Saturday, January 13, 2007

Interview with Sebastien Billard

Google auto-translation from French to English

The presentation of ViewFinder 2 days ago had raised some comments and interrogations. Rafael Mizrahi, director of technology at Feng-GUI, and creator of the algorithm agreed to answer my questions.

Sebastien Billiards: Hello Rafael, could you present yourselves at the readers? Rafael Mizrahi: I have worked in data-processing industry for more than 16 years. Playing of the music and making painting, I always had a strong sensitivity for the harmony. These two aspects of my personality naturally led me to the study of the user interfaces, a branch of data-processing research.

SB: When started to develop this algorithm?
RM: I undertook research on the composition dynamic and taught during the 10 last years. The implementation of ViewFinder strictly speaking did not begin that approximately 2 years ago.

SB: Which research did you use to develop ViewFinder?
RM: The question is often asked to us, this is why we will add more information on the site on this subject. But if I were to summarize in only one word, I will say: the salience (NdT: i.e. capacity of an element to be arisen at the time of visual perception of a scene, at the point to take a particular cognitive importance).
More information in this Powerpoint

The ViewFinder algorithm creates a map of salience site. The charts of salience were developed during the 25 last years by the research laboratories on the numerical vision. The algorithm was developed then compared with the experimental results of research on the movements of the glance, in order to accurately represent the way in which the human ones are attracted by the visual ones.

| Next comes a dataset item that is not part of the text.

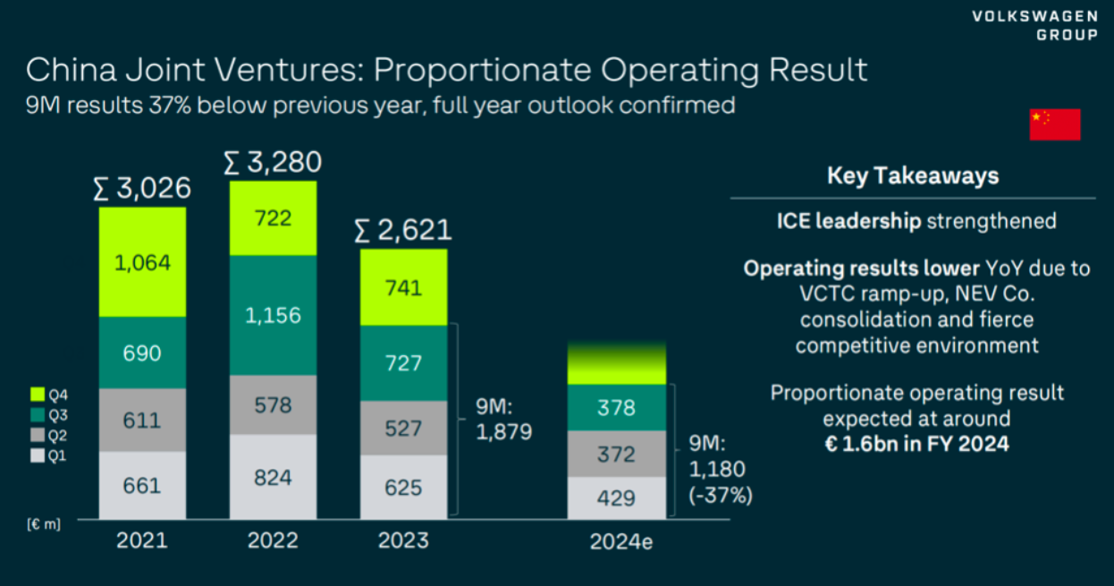 前三季度,大众在中国市场的销量仅同比增长1.5%至1592.98万辆。大众预计2024财年其在华合资企业的营业利润约为16亿欧元。

SB: Does your algorithm analyze only contrasts, or takes it in account other stimuli or behaviors?
RM: ViewFinder takes into account contrasts, but also the colors, the movements, textures, flows as well as other criteria, with an aim of behaving like an eye and a brain (model “bottom-up”, eye towards the brain). We also work to include in the algorithm of the capacities of detection of the texts and the faces, which are key elements of the attention at the human ones (model “top-down”).

SB: What do you hear exactly by “flow”?
RM: That they are flow, movements, of textures, all that report/ratio with the reasons which one can find in the images. For example, take a car of small size (let us say 2% of the surface of the image) according to a road with mountainside. The algorithm of detection of the movement included in ViewFinder can identify this car, because it breaks the fluidity of the texture of the mountain.
SB: And concerning the text, do you speak to analyze the direction of the texts, or only their appearance?

RM: The detection of the texts (in fact their localization) as that of the faces are used to determine the places posting of the text and the faces. They are algorithms of classification, which locate reasons, but do not try to compare them with a data base biometric or to carry out a character recognition. It is thus a question just of knowing that there is something of interesting at a given place.

SB: Your tool often suggests a visual attention paid to the edges, whereas these zones are empty. Is it about a bug? of an artifact?

RM: Indeed, a certain number of people pointed out it to us, and we think of providing examples and of explaining these results. It is not a bug. Very often they are areas presenting a strong contrast with the interior zone, and these zones attract your attention, even if it is in a subliminal way and that they do not contain anything significant. As underlines it the article “Psychology of the form and dynamic symmetry”, the rate/rhythm is in the time what symmetry is with space.

SB: Your tool does not analyze the direction, i.e. meant elements. Up to what point content of the texts or the images does it affect the visual attention? Does the visual attention depend on what is represented, or depends it only on the way in which the things are represented?
RM: The attention can as well be reflexive, impulsive (“bottom-up”) that cognitive, related to the context (“top-down”). It depends at the same time on “how” and “what”.

Take this example: you lead the night, on a circular road. On this road, a car is parked, with its lit indicators. Your attention is drawn by these light which ignites and die out, once (“bottom-up”). You carry on your road, and start to be unaware of these lights (“top-down”) because you know that this car will not have any more an influence on you. It is right a car parking itself. SB: Which are the future projects and developments?
RM: Our Company Feng-GUI has as a specialty the perception of the visual ones, which it is of attention or attraction. Our business model is to develop various applications of Viewfinder, for then integrating them in the products of companies leaders such as Apple, Adobe, Google, Yahoo, etc.